ISAAC stands for Intra-Region structure and Asymmetric Covariation, which are aspects of brain activity that influence the estimation of functional connectivity.
The aim of this framework is to extend the study of functional connectivity between two brain regions from resting-state functional MRI data (rs-fMRI). The most common approach is estimating the functional connectivity as the linear correlation between the two regions' mean signals, as functional connectivity must lead to statistical dependency of their activity. However, correlation alone is ambiguous with respect to local activity properties (Friston, Brain Connect 2001; Cole et al, J. Neurosci. Methods 2016; Duff et al, NeuroImage 2018; Reid et al, Nat. Neuroscience 2019; Bijsterbosch et al, Nat. Neuroscience 2020), which arises from the formula of the linear correlation, which is the covariance between two regions' activity normalized by each region's activity standard deviation.
![[correlation depends on variance and homogeneity]](/upsidedownbrain/isaac_analysis/blob/main/images/README/fc_ambiguity.svg)

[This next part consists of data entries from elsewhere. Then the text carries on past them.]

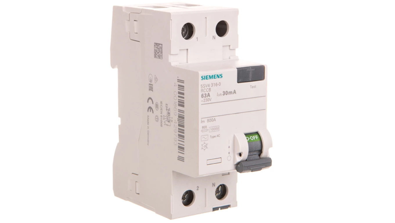 Wyłącznik różnicowoprądowy 2P 63A 0,03A Typ AC 30mA 230V 5SV4316-0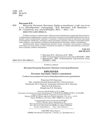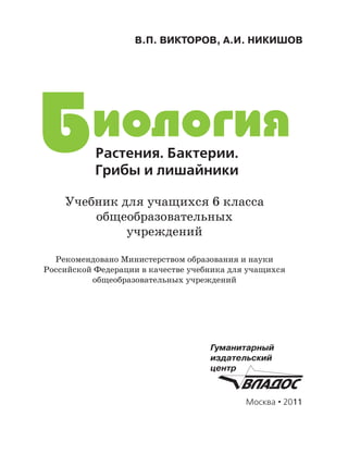 Учебник по биологии для 6 класса, написанный Викторовым и Никишовым, охватывает строение и жизнедеятельность цветковых растений, а также рассматривает бактерии и грибы. Он соответствует требованиям министерства образования и содержит необходимую информацию для подготовки к экзаменам. Учебное пособие включает задания и вопросы для проверки усвоенных знаний.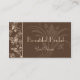 This business card design is sure to attract attention and help you stand out in the crowd. The background is chocolate brown and there is a beautiful floral graphic in champange cream giving it an elegant look. Perfect for any business but especially great for bridal salon, wedding planning, event planning, catering, nail salon, spa, jewelry, cosmetologist, fashion, beauty consultant, or any time you would like an elegant touch. Add your information and it is ready to go!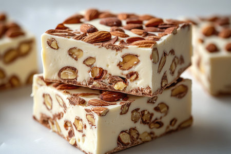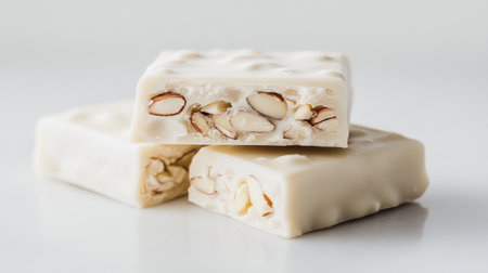 A beautifully arranged stack of creamy almond nougat bars on a simple white background, highlighting their texture and ingredients, perfect for dessert lovers.

The subtlety is that potential changes in the regions' variance that are unrelated to interactions between regions confound correlation, and thus the estimated functional connectivity. When one encounters a change in correlation between two conditions or two groups, one cannot be sure if that change comes from a change in covariance (between-region interactions) or a change in each region's local variance unrelated to actual functional connectivity, or a change in connectivity with a third region. Furthermore, a change in between-region connectivity, can be masked out by a change in a region's variance unrelated to that connectivity. Additionally, one can also see that, when using mean signals for functional connectivity, each region's variance is also dependent on its 'homogeneity', i.e. the correlation between voxels within the region. An increase in the mean signal's variance can be due to an increase in each voxel's activity, or to the activity of all the voxels being more "synchronized" (i.e. homogeneous).
Correlation alone cannot disambiguate changes in between-regions interactions that originate functional connectivity from changes in each region's local activity. This is something to account for in general in rs-fMRI, and might be especially important if alterations in local activity are expected (e.g. brain stimulation or medical conditions with focal alterations). The purpose of ISAAC analysis is to provide metrics that allow to disambiguate functional connectivity from correlation and local activity, as well as to estimate the underlying causes of variance, homogeneity and functional connectivity.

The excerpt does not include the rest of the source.